Group effects: Common and distinct drug-effects among smokers and nonsmokers. A) Decreases: Among both groups, nAChR agonists were associated with activity decreases overlapping in the vmPFC, PCC, and right inferior parietal cortex (green). Nonsmokers showed greater decreases in the right inferior parietal cortex (purple). B) Increases: Among both groups, nAChR agonists were associated with activity increases overlapping in the cingulate gyrus, left dlPFC, and left inferior parietal cortex (green). Smokers showed greater increases in the right dlPFC (orange), while nonsmokers showed greater increases in bilateral parietal, right prefrontal, and cingulate regions (purple). See Supplemental Table S7 for the complete list of identified clusters and corresponding coordinates. See Supplemental Figure S7 for the separate ALE images from the two groups.

With respect to common GROUP effects involving activity decreases, the conjunction analysis revealed overlap notably in the vmPFC, PCC, and right inferior parietal cortex (Figure 3A, green). When considering common GROUP effects involving activity increases, the conjunction analysis revealed overlap notably in the cingulate, left dorsolateral PFC (dlPFC), and left inferior parietal cortex (Figure 3B, green).

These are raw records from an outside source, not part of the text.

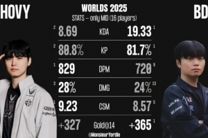 體育資訊11月1日訊 外媒統計Chovy與Bdd數據對比(S15全球總決賽),具體如下:
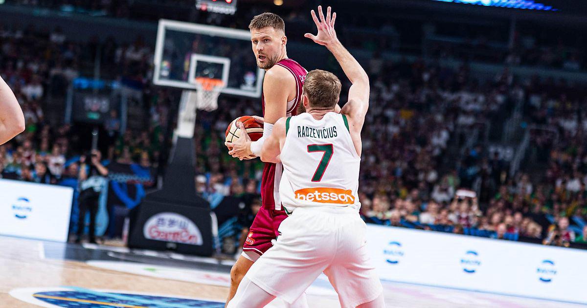 Латвия уступила Литве в 1/8 финала Евробаскета-2025, несмотря на яркую игру центрового.
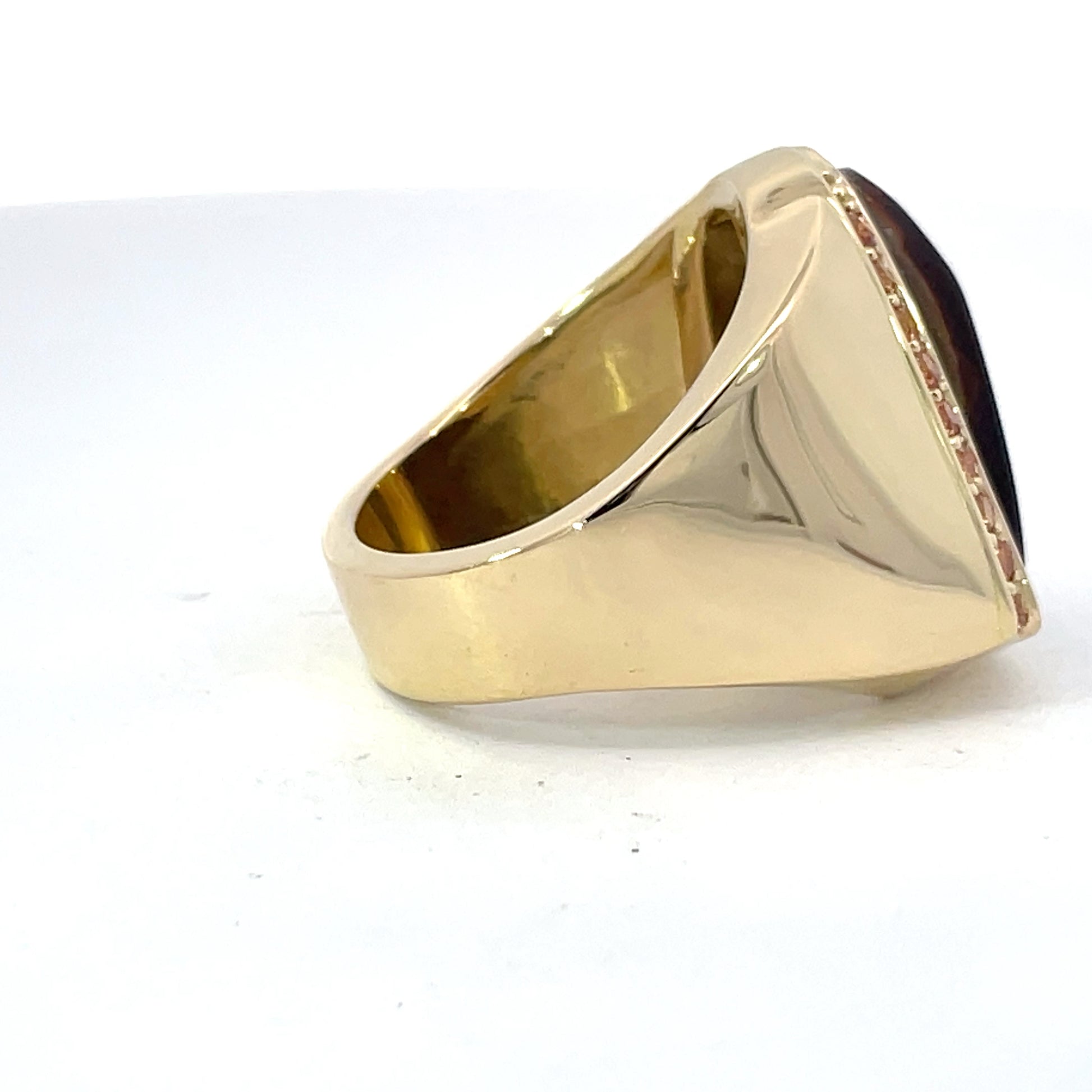 This exquisite gold ring features a stunning, uniquely shaped gemstone at its center, surrounded by a delicate array of smaller stones. The intricate design and warm hues make it a perfect statement piece for any occasion, adding a touch of elegance and sophistication to your ensemble.
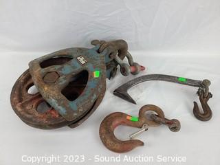 Lot #0172: Skookum A-10R 10" Steel Pulley & 2 Hooks
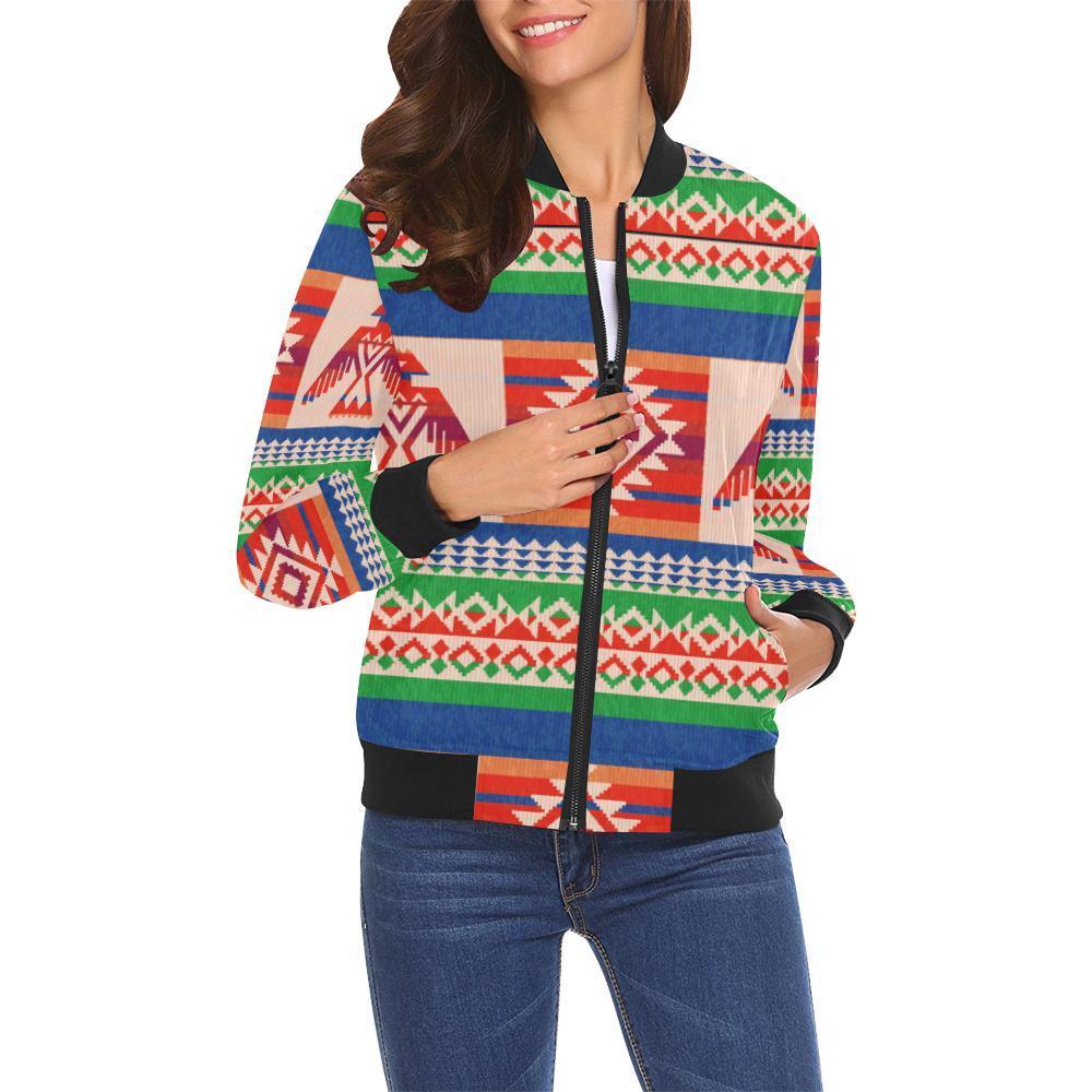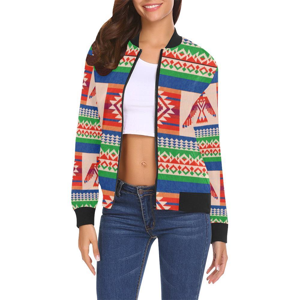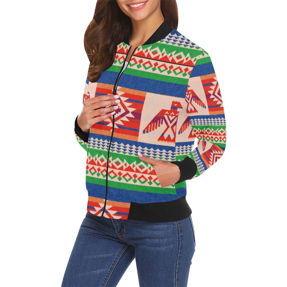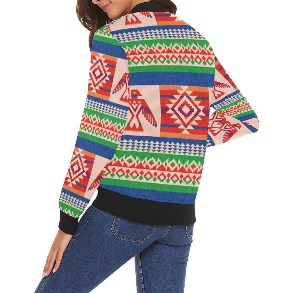 Navajo Aztec Tribal Native Indians American Print Women Casual Bomber Jacket
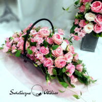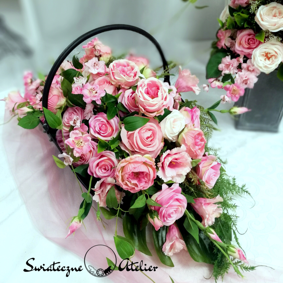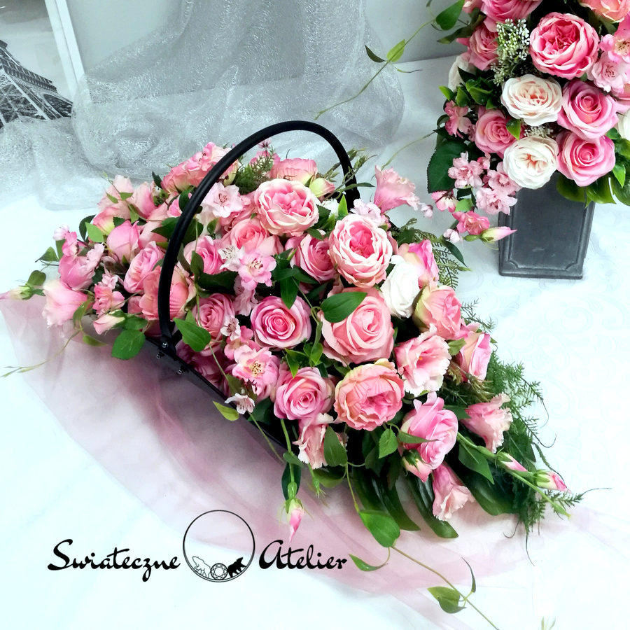 Cudowne róże stroik nagrobny w koszu nr 951 to piękna, całoroczna dekoracja. Stroik umieszczony w metalowym koszu prezentuje się bardzo elegancko. Wysokiej jakości sztuczne kwiaty otaczają zielone dodatki tworząc przepiękną dekorację. Kwiatostany kompozycji kwiatowej są starannie wykonane, do złudzenia przypominają naturalne. Kwiaty są wyjątkowej urody i dekoracja cały rok będzie prezentować się pięknie. Dzięki uniwersalnej kolorystyce sprawdzi się na każdym nagrobku, więc warto rozważyć jego wykorzystanie. Przepiękne róże i pełniki w cudownej kolorystyce świetnie sprawdzą się w nadchodzącym okresie. Ogromna ilość róż w słodkim, wyrazistym różu, delikatne paprocie pięknie ze sobą współgrają.
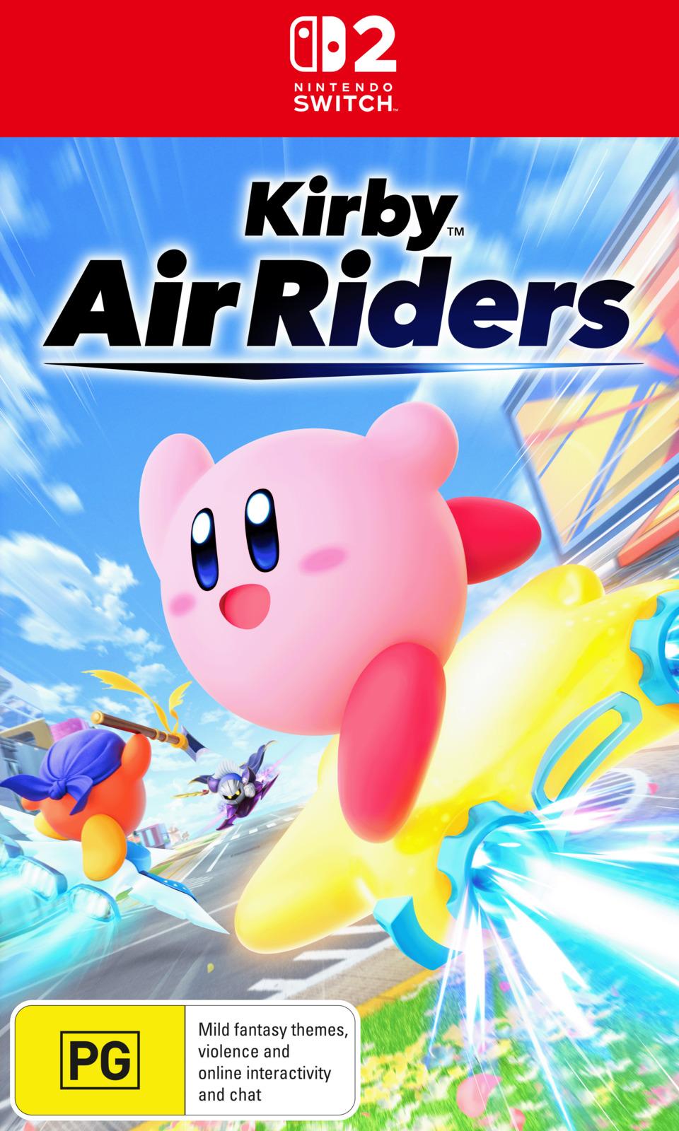 Kirby Air Riders is a wild action experience across land, sea and air that puts you in control of frenetic Kirby fun. Enhancing and expanding upon Kirby Air Ride, originally released for Nintendo GameCube in Europe in 2004, this new game will now give players a roster of riders to choose from, each with their own distinct characteristics and abilities. In addition, there are new Air Ride machines, returning game modes, and new Special moves.Features:* Riding Techniques: Each Air Ride machine, or “machine” for short, has different forms and traits. They usually hover above the ground and move forward automatically – no need to press any buttons or tilt the left Joy-Con 2 control stick forward to accelerate. Use the left stick to change direction by tilting it left or right.* Boost Charge: By pressing the B Button, your machine will hit the ground, and you’ll start a Boost Charge and brake. Releasing the button activates a Boost Dash. As Mr. Sakurai explained, this is more than just a speed boost – by tilting the left stick and holding the Boost Charge button through sharp corners, you can perform drift manoeuvres which help you gain even more of a speed advantage.* Specials: It takes more than speed and deft manoeuvring to get ahead of the competition, however. The Y Button is your “Special button,” and it activates your character’s unique Special move. Attack your rival riders and enemies to fill up your Special Gauge and, once full, unleash your Special. While most characters have one distinct Special, Kirby has four different Special moves – one for each colour Kirby you can play as. Combine certain Specials with attack techniques like Quick Spin, which is activated by wiggling the control stick, and you’ll be on your way to victory.* Riders: Kirby Air Riders adds a strategic element to its mayhem by adding more importance to your choice of rider. Each rider in the game has their own unique traits which can impact their machine’s performance, including weight, durability, Specials, close range attacks and more. These factors can either give them an advantage or cause more unpredictability during the action depending on the environment you’re in. In fact, this is why Air Ride mode has you select your course first, then the rider and machine you want to use. In addition to the well-balanced pink puffball, your roster of riders includes familiar faces from the world of Kirby, like Meta Knight, King Dedede, Bandana Waddle Dee, as well as enemies in the Kirby series like Cappy, Chef Kawasaki, Starman and more. And to keep you moving forward and keep your opponents on their toes, Kirby Air Riders also lets you mix and match riders and machines.* Machines: Air Ride machines are built for more than just speed. Each machine, like the riders, can even sustain different amounts of damage. Most machines will also glide through the air if you jump from a ramp or other structure, and you can control your machine by tilting the left stick up or down to ascend or descend. Make a perfect landing and you’ll be rewarded with more speed. You can also perform rail grinds, drifts and other manoeuvres.* Copy Abilities: To level the playing field, Kirby Air Riders gives all the riders the ability to inhale or capture to copy an enemy’s abilities. Use these newly acquired abilities to temporarily gain additional ways to attack or increase your speed.* Skyah: City Trial is now located on a huge floating island called Skyah. Here, you’ll drive around freely collecting power-ups, attacking opponents to damage (and steal) their machines or cause them to drop power-ups you can then scoop up for yourself, all with the objective of upgrading your machine as much as possible. You start out with a small, weak machine, but through finding power-ups, attacking opponents and swapping to other machines, you can upgrade your ride. There are also random Field Events that occur throughout this phase. Some of these events pop up unexpectedly somewhere on the Skyah map, and you’ll need to hustle to that location to participate. Events include challenges like Short Race, where you’ll race through a sectioned-off area of the map, with power-ups awarded based on how you finish. There is also Dustup Derby, where the goal is to battle your opponents to knock them out and earn more power-ups. Be warned, these events may also involve the appearance of familiar bosses from the world of Kirby, including Kracko and Dyna Blade. This is only the first phase of the City Trial experience, and you’ll have five minutes of intense vehicle action to secure your machine and as many power-ups as you can. After that, it’s on to phase two…* Stadiums: Take your powered-up machine to a Stadium and compete to be crowned the winner. Each Stadium includes a different challenge that players will strategically select based on the power-ups you or your opponents have gathered. Some Stadiums will even be recommended for you based on your machine’s stats, in case you have any trouble deciding which one to take on. In Kirby Air Riders, you can also battle friends via local wireless\*1 with up to eight players, or online\*2 with up to 16 players. Use GameChat\*3 to connect with your friends via video or voice chat to enhance the fun.* Air Ride mode: In this mode, up to six riders can compete to cross the finish line first. Attack opposing riders and by hitting them you’ll gain small stars that increase your speed. What makes this experience unique is that you’ll compete getting speed boosts by attacking. So, go ahead and cut loose on your rivals. You can also follow the Star Slide – you speed up by following behind other riders and collecting the trail of stars in their wake. These extra speed boosts will help you leave your opponents in the (star) dust.* Lessons: With all the different riders, machines, techniques and game modes – you may want a little time to practice. The Lessons mode allows you to learn the 
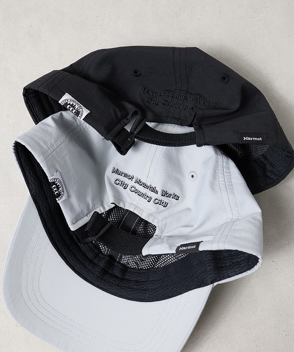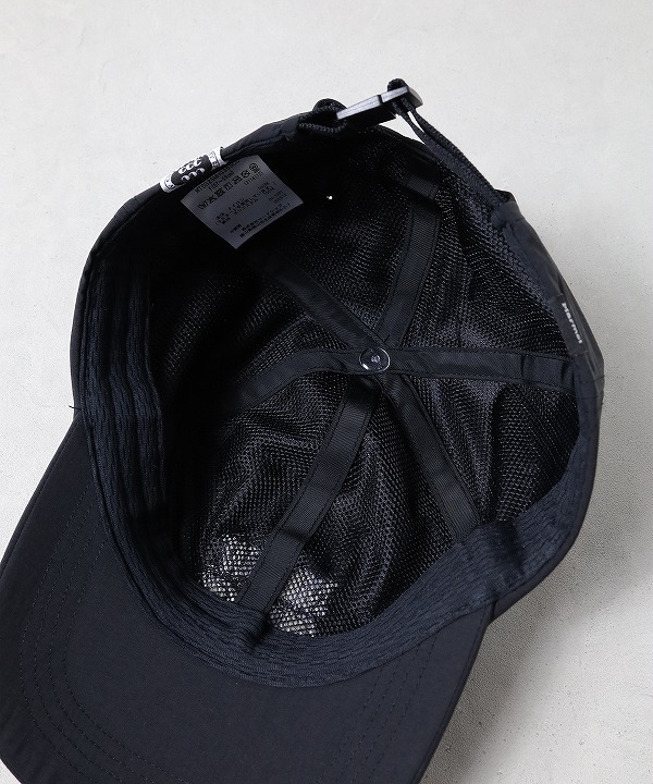 軽量で耐久撥水性柔軟性に優れたPERTEX UNLIMITEDを採用した6パネルキャップ。吸水速乾機能を持った汗帯テープ付きで、バックベルトはサイズ調整可能。背面にそれぞれのブランドピスネームを配置しています。
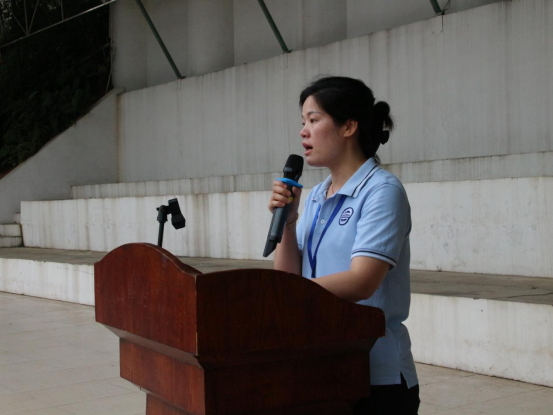 升旗仪式开始前,刘丹老师以从古至今一代代人的行动为例来诠释爱国精神的重要性,同时还希望同学们要深入贯彻党的二十大精神,培育和践行社会主义核心价值观,用实际行动弘扬爱国主义精神。紧接着,刘丹老师宣布升旗仪式正式开始。
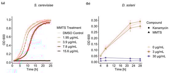 (a) Growth curves of S. cerevisiae exposed to 1.95–15.6 µg/mL MMTS in liquid culture. Points represent average OD600 of three replicates at a given time point and concentration. Error bars correspond to standard error. Significant differences between growth curves are represented in Figure S4a; (b) growth curve of D. solani exposed to 0, 3 or 30 µg/mL of MMTS in comparison to kanamycin at the same concentrations. Symbols indicate average OD595 for a given time point, concentration and compound of 3 replicates. Error bars represent standard error. No significant differences between growth curves of bacteria treated with kanamycin or MMTS could be observed (Figure S4b).
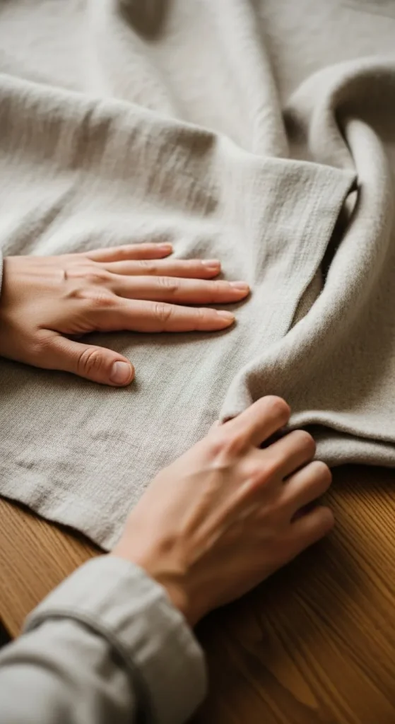 [Image Prompt] A close-up shot of hands feeling soft beige linen and wool fabrics spread across a wooden table.
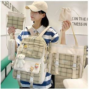O pacote inclui: 1 mochila (tamanho 11,8 x 7,9 x 16,1 polegadas), 1 estojo de lápis, 1 lancheira, 1 sacola, 1 pingente de urso. ALTA QUALIDADE: Feito de lona leve e de alta qualidade, forte, durável e à prova d'água. Costura forte e tiras firmes, duráveis o suficiente para grande capacidade. Com zíper de metal de alta qualidade, você pode abrir e fechar a bolsa suavemente. Grande capacidade: A mochila e a bolsa fornecem aproximadamente 30L de capacidade, o que é grande o suficiente para guardar seus pertences diários. Você pode colocar seu laptop, livros e outros acessórios com você. Estojo para lápis: o design reto permite um melhor uso do espaço interno, grande o suficiente para guardar canetas, lápis e outros materiais para a escola ou o escritório. Também pode ser para outros fins, como carteiras de viagem, malas de viagem, bolsas de maquiagem. Presente ideal: o conjunto de mochila é um presente ideal para todos, eles vão adorar
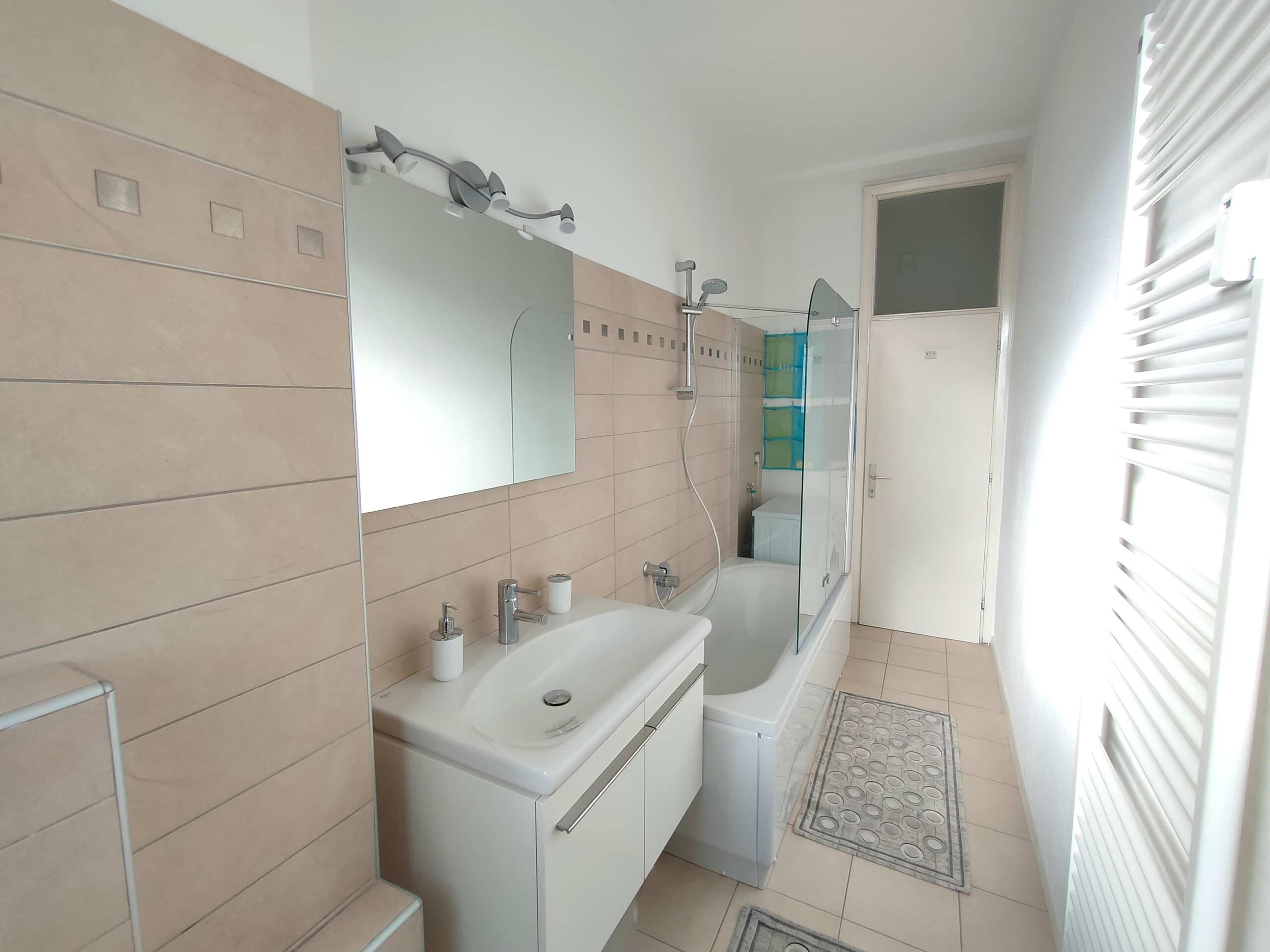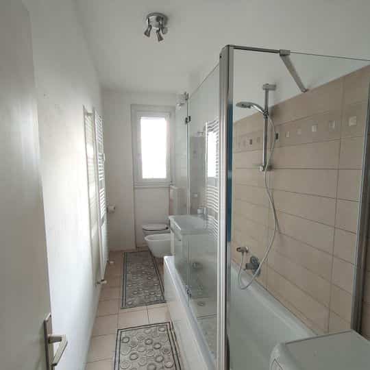5) Bagno finestrato con wc, bidet, mobile lavandino, vasca e sopravasca per doccia, porta oggetti a muro, lavatrice.
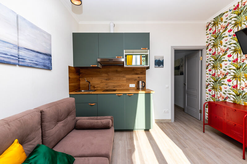 В Апартаментах есть всё для комфортного проживания: современное кухонное оборудование, набор посуды и столовых приборов, качественная сантехника. Уборка перед заселением, постельное белье и полотенца уже включены в стоимость проживания.
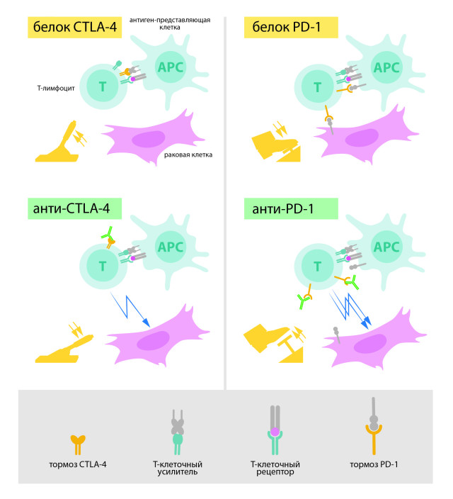 Зліва вгорі: Активація Т-лімфоцита вимагає, щоб рецептор кров'яного тільця зв'язувався зі структурами інших імунних клітин, розпізнаних як «чужі». Для активації Т-лімфоцитів необхідний білок, що функціонує, як їх прискорювач. CTLA-4 працює як гальмо, що блокує функцію цього підсилювача.

With respect to distinct GROUP effects involving activity decreases, directly contrasting the two groups’ ALE results revealed that nonsmokers (smokers < nonsmokers) were more likely to show decreases in the right inferior parietal cortex (Figure 3A, purple). No clusters were identified in the reverse contrast (smokers > nonsmokers). When considering distinct GROUP effects involving activity increases, smokers (smokers > nonsmokers) were more likely to show increases in the right dlPFC (Figure 3B, orange), whereas nonsmokers (smokers < nonsmokers) were more likely to show increases notably in the bilateral parietal cortices, right middle frontal gyrus, and ACC (Figure 3B, purple).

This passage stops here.